Any "islamochristian" Arab who promotes the Islamic agenda, by participating in a campaign that can only mislead Infidels and put off their understanding of Jihad and its various instruments, is objectively as much part of the problem as the Muslim who knowingly practices taqiyya in order to turn aside the suspicions of non-Muslims. Whoever acts so as to keep the unwary Infidel unwary is helping the enemy.
Think, for a minute, of Oskar Schindler. A member of the Nazi Party, but hardly someone who followed the Nazi line. But what if Schindler had at some point met with Westerners -- and had continued, himself, to deny that the Nazis were engaged in genocide, even if he himself deplored it and would later act against it? Would we think of him as a "moderate"? As someone who had helped the anti-Nazi coalition to understand what it was up against?
Or for another example, think of Ilya Ehrenburg, who in 1951 or so was sent abroad by Stalin to lie about the condition of Yiddish-speaking intellectuals whom Stalin had recently massacred. Ehrenburg went to France, went to Italy. He did as he was told. "Peretz? Markish? Oh, yes, saw Peretz at his dacha last month with his grandson. Such a jovial fellow. Markish -- he was great last year in Lady Macbeth of the Mtsensk District -- you should see how it comes across in zhargon, Yiddish..." And so it went. Eherenburg lied, and lied. He was not a Stalinist. He hated Stalin. He of course hated the destruction of Peretz, Markish, and many others who had been killed many months before -- as Ehrenburg knew perfectly well. When he went abroad and lied to the editors of Nouvelle Revue Francaise, what was he? Objectively, he was promoting the interests of Joseph Stalin, and the Red Army, and the Politburo. We need not inquire into motives. We need only see what the results of such lying were. And the same is true of those Christian Arabs who lie on behalf of Islam -- some out of fear, some out of an ethnocentric identification so strong that they end up defending Islam, the religion of those who persecuted the Christian Arabs of the Middle East, and some out of venality (if Western diplomats and journalists can be on the Arab take, why not Arabs themselves?), some out of careerism. If you want to rise in the academic ranks, and your field is the Middle East, unless you are a real scholar -- Cook or Crone or Lewis -- better to parrot the party line, which costs you nothing and gains you friends in tenure-awarding, grant-giving, reference-writing circles. There is at least one example, too, among those mentioned, in a situation where an Arabic-speaking Christian, attempting to find refuge from Muslim persecution, needed the testimony of an "expert" -- which "expert," instead of offering a pro-bono samaritan act, demanded so much money to be involved (in a fantastic display of greed) that the very idea of solidarity among Arab Christians was called by this act permanently into question.
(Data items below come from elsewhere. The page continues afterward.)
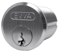
L22185 Single NP
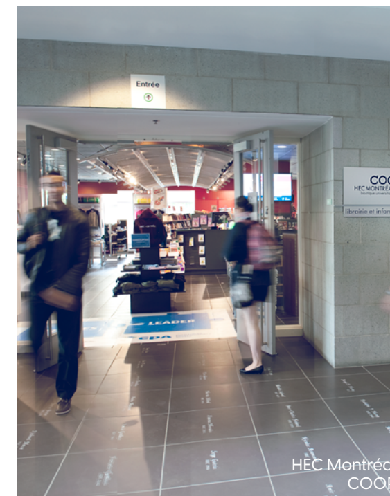
HEC Montréal COOP
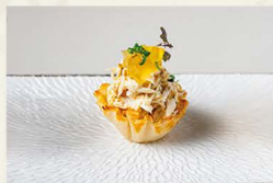
Chilled Crab on Phyllo Cup
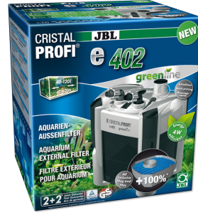
JBL CRISTALPROFI e402 greenline

External filter for aquariums of 40-120 litres
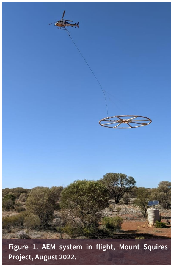
Figure 1. AEM system in flight, Mount Squires Project, August 2022.

The AEM survey will cover a new coincident mafic indicator anomaly comprising coincident nickel, copper, cobalt and chrome identified from recent geochemical sampling. Assay results for 1,575 Ultrafine soil samples (approximately 60% of the entire program) have been received, with initial statistical analysis of the 95 th percentile identifying two distinct coherent anomalies within a broader zone of the 90 th and 80 th percentile of results. The two distinct anomalies have peak values of 119 ppm nickel and 201 ppm copper.
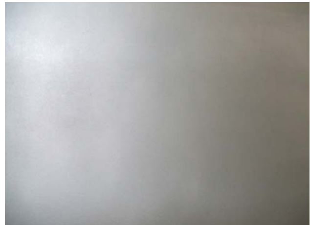
Figure 6. Redecorate Repaired Area

This document may be revised or withdrawn from circulation at any time. The status of the document should be verified by the user prior to following any recommendations contained herein. To verify that you have the most current edition of the document, access the Gypsum Association website at: www.gypsum.org .
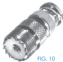
FIG. 10 RFB-1136
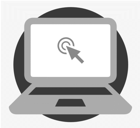
Live ASCR demos
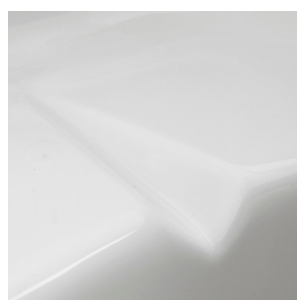
Hygienic seat channel allows you to easily wash hard to reach areas without lifting your body.
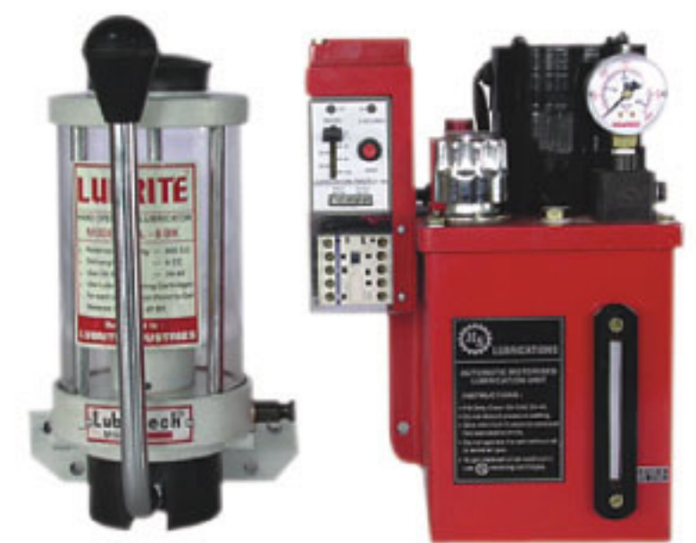
Auto Lubrication Pump
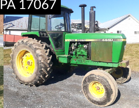
John Deere 4440
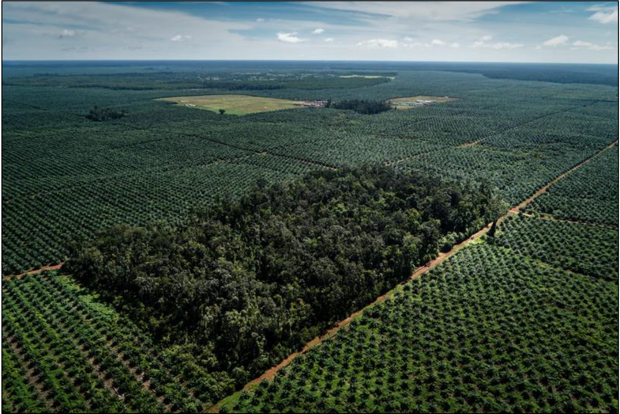
Fig. 3. West Kalimantan Palm Oil Plantation Expansion 18

they can also afford to renovate their houses. Some farmers even manage to buy trucks to start a transportation business. Farmers do recognize the destructive impact that the plantation development has brought, but they choose to focus more on the economic gain.
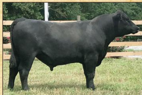
MM Confidence Plus 8103
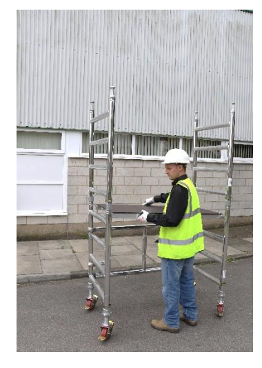
5. Fit platform on the 4<sup>th</sup> rung as shown.
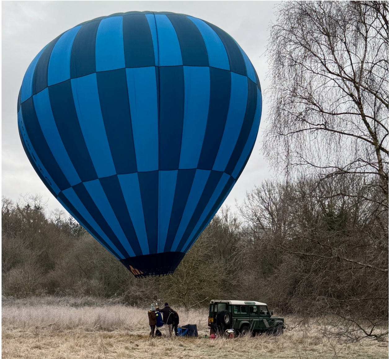
Rarely seen these days G-BWHD LBL 31A

present willing to fly including some rarer examples. G-BWHD whilst fairly local , has never been the most common of LBL-31A's and this flew. G-SIPP , a LBL 35A from the Manchester region of the country made a rare southerly visitation which was also nice to see. At least another five envelopes flew out of a total of around 22-24 balloons booked into the event. Star of the morning wasn't even a
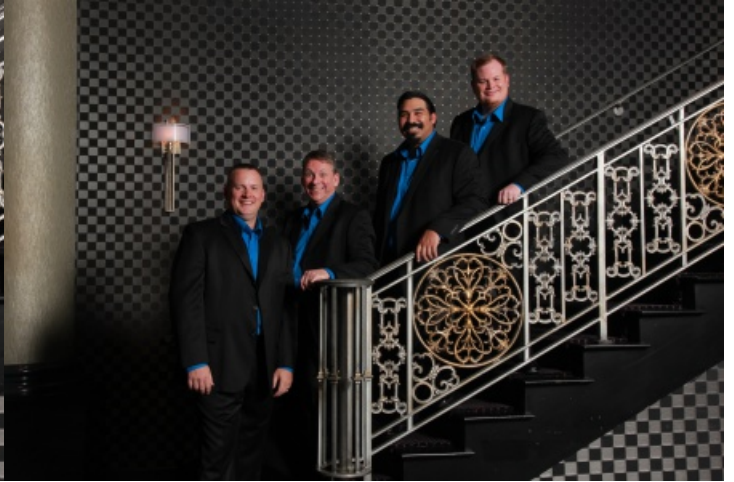
7th and Broadway
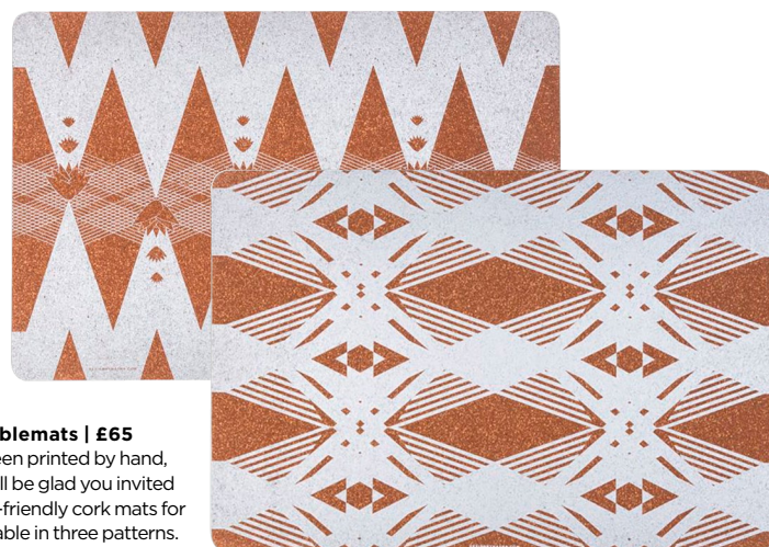
6 cork tablemats | £65

Cheer a wall in a quiet way with a pared-back rainbow. roseandgrey.co.uk
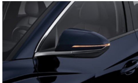
Turn Signal Indicator LED Outside Mirror
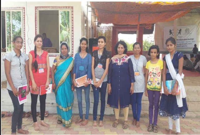
Faculty along with participant students at Mandar Krishi Tantra Niketan Kolambi for seven days residential Camp for Career Guidance on Competitive Exams
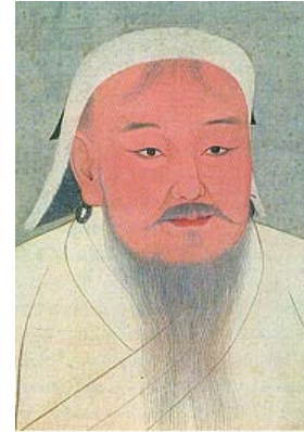
Genghis Khan

In 744, the Uighurs, a confederation of Turkic nomadic tribes, established an empire based in Mongolia. (Uighur is thought to mean “alliance” or “union.”) Their territory extended into northern Xinjiang following the decline of Tang power. After their empire was toppled by a Kyrgyz invasion in 840, the Uighurs moved southward. Most of them settled along the northern slope of the Tien Shan and in the Turpan Basin of Xinjiang. From a capital at Qocho (Gaochang) in the Turpan region, Uighur power extended over the Urumqi area, the Hami Basin, and the settlements of the northern Tarim Basin; this domain became known as Uighurstan. The Uighurs intermarried over the following centuries with the Indo-European and other Turkic peoples who inhabited or came to the region. Thus, while they are not the direct ancestors of the modern Uighurs, they are among their predecessors. (The modern Uighurs, whose culture is significantly different than that of the earlier group, were not known as Uighurs until the 20th century, when the term was broadly applied to the sedentary Turkic-speaking Muslims of Xinjiang’s oases.) 63, 64, 65
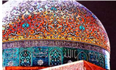
Figure 11: Isfakhan. Lutfullah Masjidi. (Starodub T.H.,2013, p.113)

The decoration of Lutfullah Masjidi has embraced almost all the traditional patterns and compositions proper to the Azerbaijan art throughout the centuries. That's why this monument is called an Encyclopedia of the Azerbaijan Ornamental Art in scholar literature (Figures 10-13) (Aliyeva K., 1999).
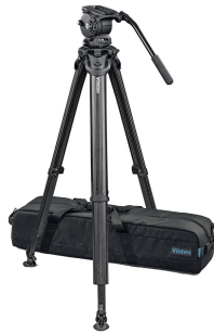
System Vision 8AS flowtech™ 100 MS

2. The word "moderate" cannot be reasonably applied to any Muslim who continues to deny the contents -- the real contents, not the sanitized or gussied-up contents -- of Qur'an, hadith, and sira. Whether that denial is based on ignorance, or based on embarrassment, or based on filial piety (and an unwillingness to wash dirty ideological laundry before the Infidels) is irrelevant. Any Muslim who, while seeming to deplore every aspect of Muslim aggression, based on clear textual sources in Qur'an and hadith, or on the example of Muhammad as depicted in the accepted sira -- Muhammad that "model" of behavior -- is again, objectively, acting in a way that simply misleads the Infidels. And any Muslim who helps to mislead Infidels about the true nature of Islam cannot be called a "moderate." That epithet is simply handed out a bit too quickly for sensible tastes.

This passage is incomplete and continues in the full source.